Why do you not throw multiple in the resolver?
new GraphQLException(new[] { error1, error2 })
It should be possible to return multiple errors for one incoming error. An example here is, when we want to process a ValidationException from FluentValidation, we want to return an IError for each validation error, currently we only translate the first one, but it would be nice if we could translate them all.
Why do you not throw multiple in the resolver?
new GraphQLException(new[] { error1, error2 })
We validate incoming commands in our commandhandler using FluentValidation. The exception is being throw by the FluentValidation library while calling ValidateAndThrowAsync which always throws one ValidationException that contains one or more validation errors.
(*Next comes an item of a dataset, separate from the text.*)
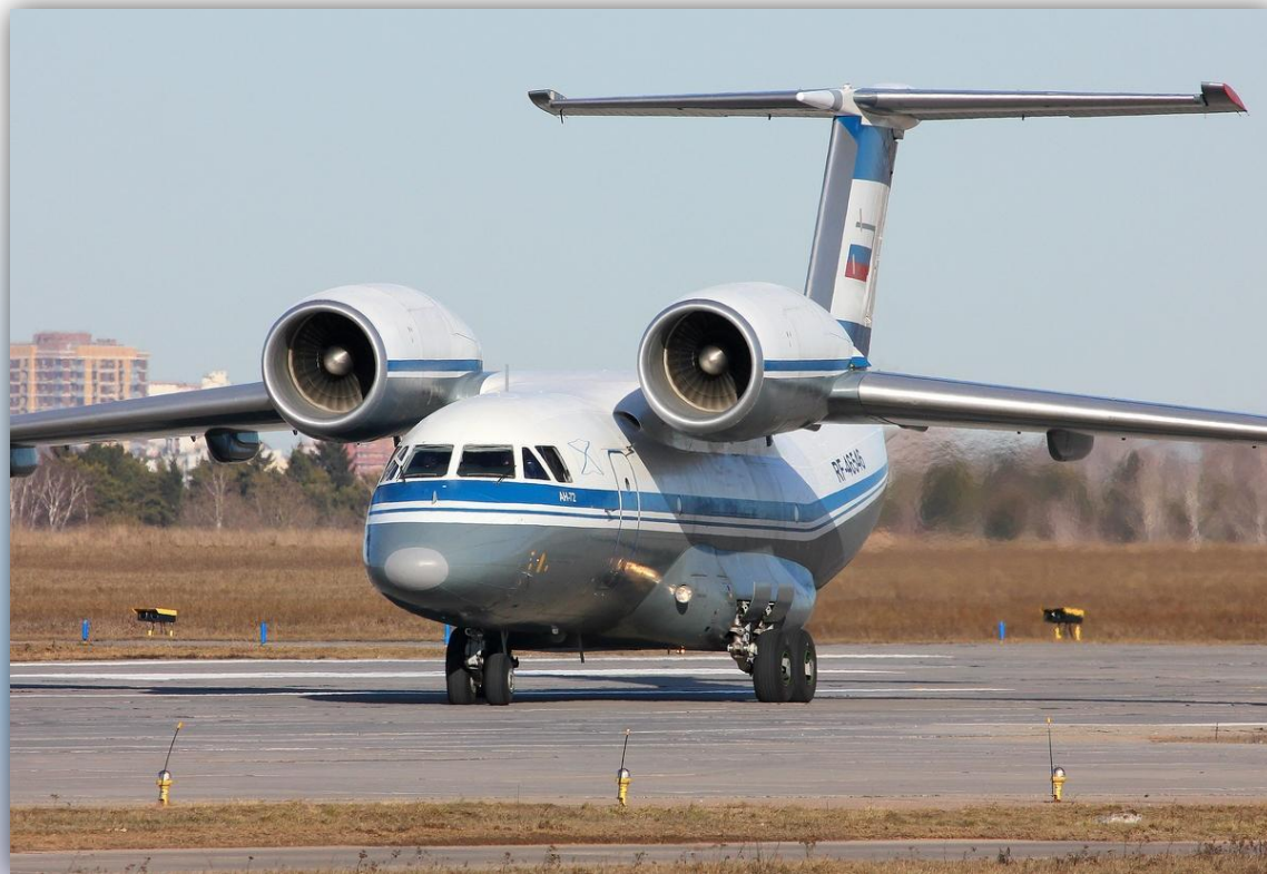
Фото: март 2015 года.

So this is outside of our control. We would like to avoid introducing the concept of GraphQL in our command-handler logic and would love to keep exception/error transformation at a single place in our code, namely this ErrorFilter.
It should be possible to set a HTTP status code from the ErrorFilter. I understand that with GraphQL we're treating HTTP StatusCode's as a transport layer concern and not a GraphQL concern. However, for certain errors, we really need to be able to set the HTTP StatusCode. An example for us is when the user tries to perform an unauthorized action, we really want to return a 401 HTTP StatusCode so the front-end can act on a standardized thing instead of depending on the custom code AUTH_NOT_AUTHORIZED.
This is solved.
You can inherit from
DefaultHttpResultSerializerand add custom StatusCode handling. For this store props on the context and then use them to interpret status codes.
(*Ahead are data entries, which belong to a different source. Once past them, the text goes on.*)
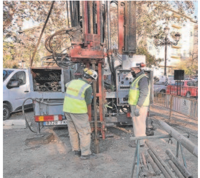
Trabajos previos para la redacción del proyecto de la línea 3

El borrador, entregado a la Consejería de Fomento el pasado 25 de octubre, ha sido tramitado de forma urgente por la Junta de Andalucía, que cuenta ya con los últimos informes solicitados de la Consejería de Hacen-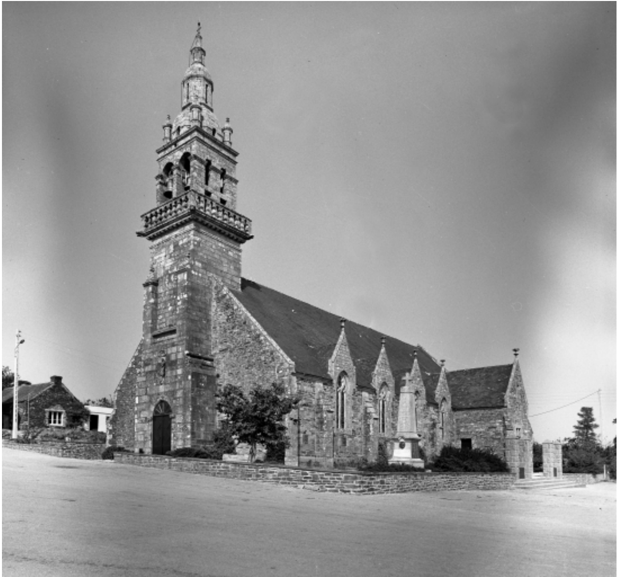
Landeleau, église paroissiale Saint-Théleau : vue générale sud-ouest, état en 1966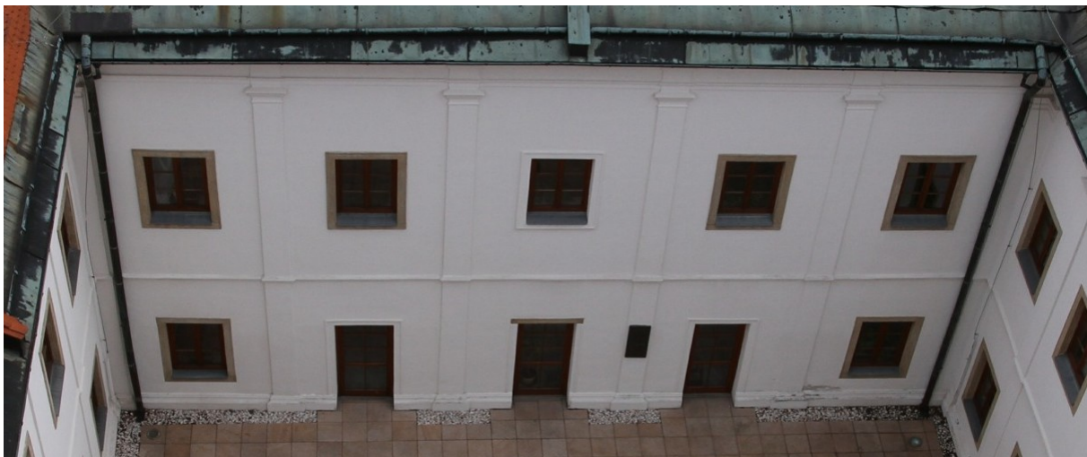
5. Omítka atrium (původní poškození do 0,5 m vlhkostí – dnes opravená)

Thanks for this information, we're currently on version 10.5.3, so do I understand correctly that this will be possible starting from version 11?
Thanks for this information, we're currently on version 10.5.3, so do I understand correctly that this will be possible starting from version 11?
Yes, it is possible with the current 11.0.0-rc.2
We validate incoming commands in our commandhandler using FluentValidation.
I understand, never thought about it this way :D
I will add this issue to the backlog for 11.1. We already have a feature freeze on 11.0.
Thank you for considering this. If you have an idea in mind on how you would like this to be implemented, I'm willing to work on that.
It should be possible to return multiple errors for one incoming error. An example here is, when we want to process a ValidationException from FluentValidation, we want to return an IError for each validation error, currently we only translate the first one, but it would be nice if we could translate them all.
This is very much needed, we encountered a similar scenario recently, looking forward to having this feature in v11.1.